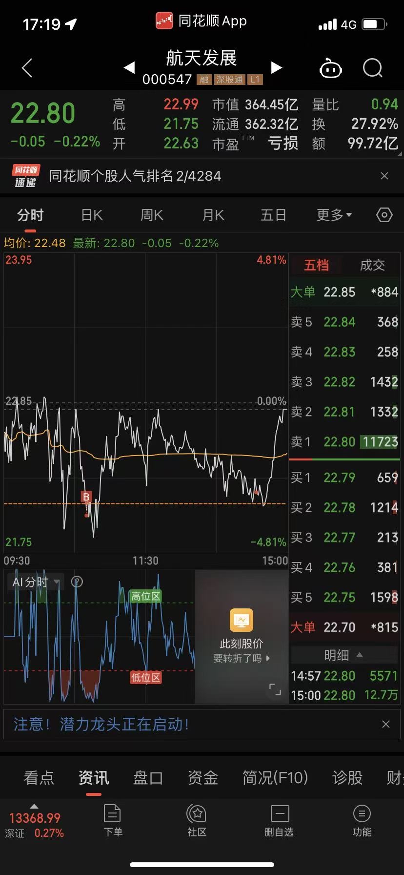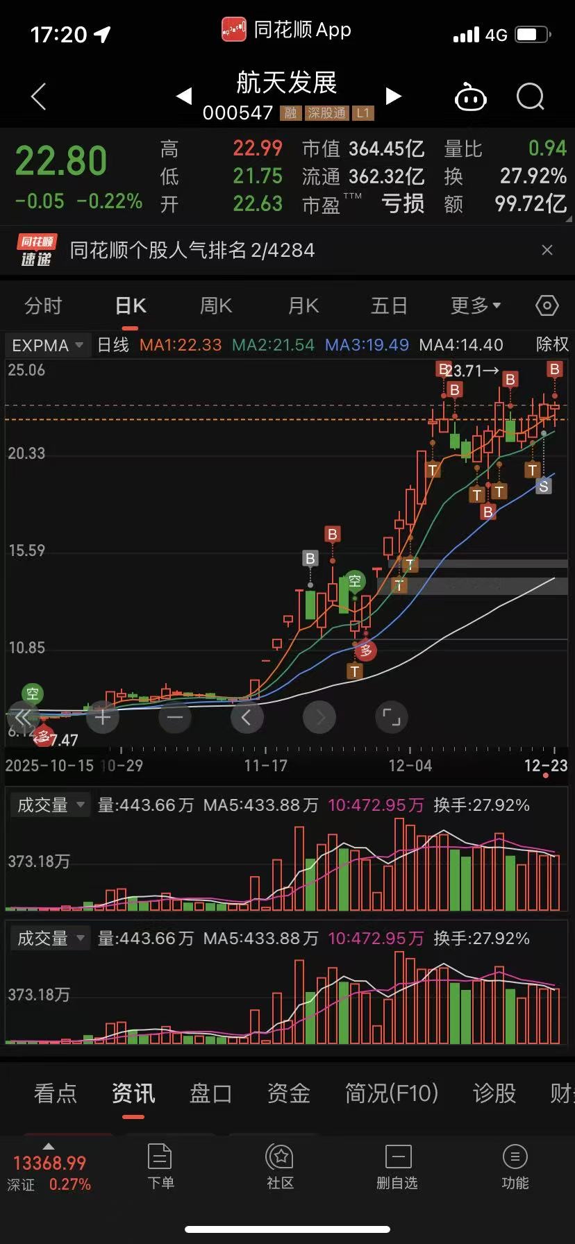 $航天发展(SZ000547)$ 昨天清仓,今天没忍住又进来了,
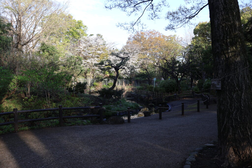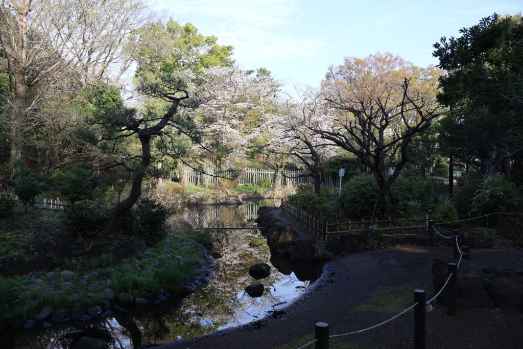 桜が咲いていて灯籠もあり更に日本庭園らしさが増していて休息するには
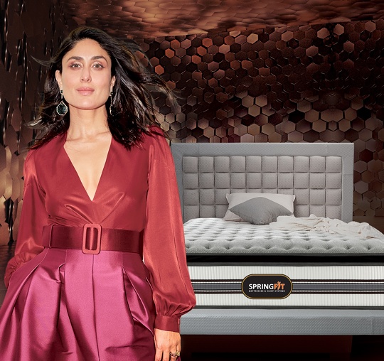 We are proud of our world-class 5 manufacturing plants spread across a combined plant area of 30 acres, with a total capacity to produce 4 lakhs mattresses annually. Springfit makes all its mattresses and major components such as foam, spring, etc., in-house. Springfit also has an extensive distribution network and retail footprint across India with a presence across 23 states and has more than 1000 retailers and 90 exclusive brand stores across the country. Kareena Kapoor seemed the perfect brand fit for Springfit, considering both her and the brands seem to think alike.”
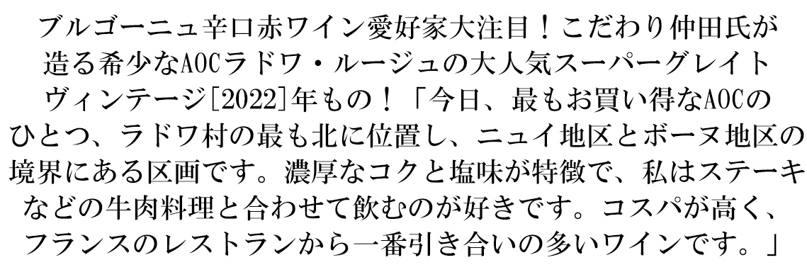 こだわり仲田氏が造る希少なAOCラドワ・ルージュの大人気スーパーグレイトヴィンテージ[2022]年もの!

WHAT YOU NEED TO DO ->
Exclude all pictures and reproduce verbatim the lines running from the line that contains "We are proud" to the end of the data above, both ends included.

TASK SOLUTION ->
 We are proud of our world-class 5 manufacturing plants spread across a combined plant area of 30 acres, with a total capacity to produce 4 lakhs mattresses annually. Springfit makes all its mattresses and major components such as foam, spring, etc., in-house. Springfit also has an extensive distribution network and retail footprint across India with a presence across 23 states and has more than 1000 retailers and 90 exclusive brand stores across the country. Kareena Kapoor seemed the perfect brand fit for Springfit, considering both her and the brands seem to think alike.”
 こだわり仲田氏が造る希少なAOCラドワ・ルージュの大人気スーパーグレイトヴィンテージ[2022]年もの!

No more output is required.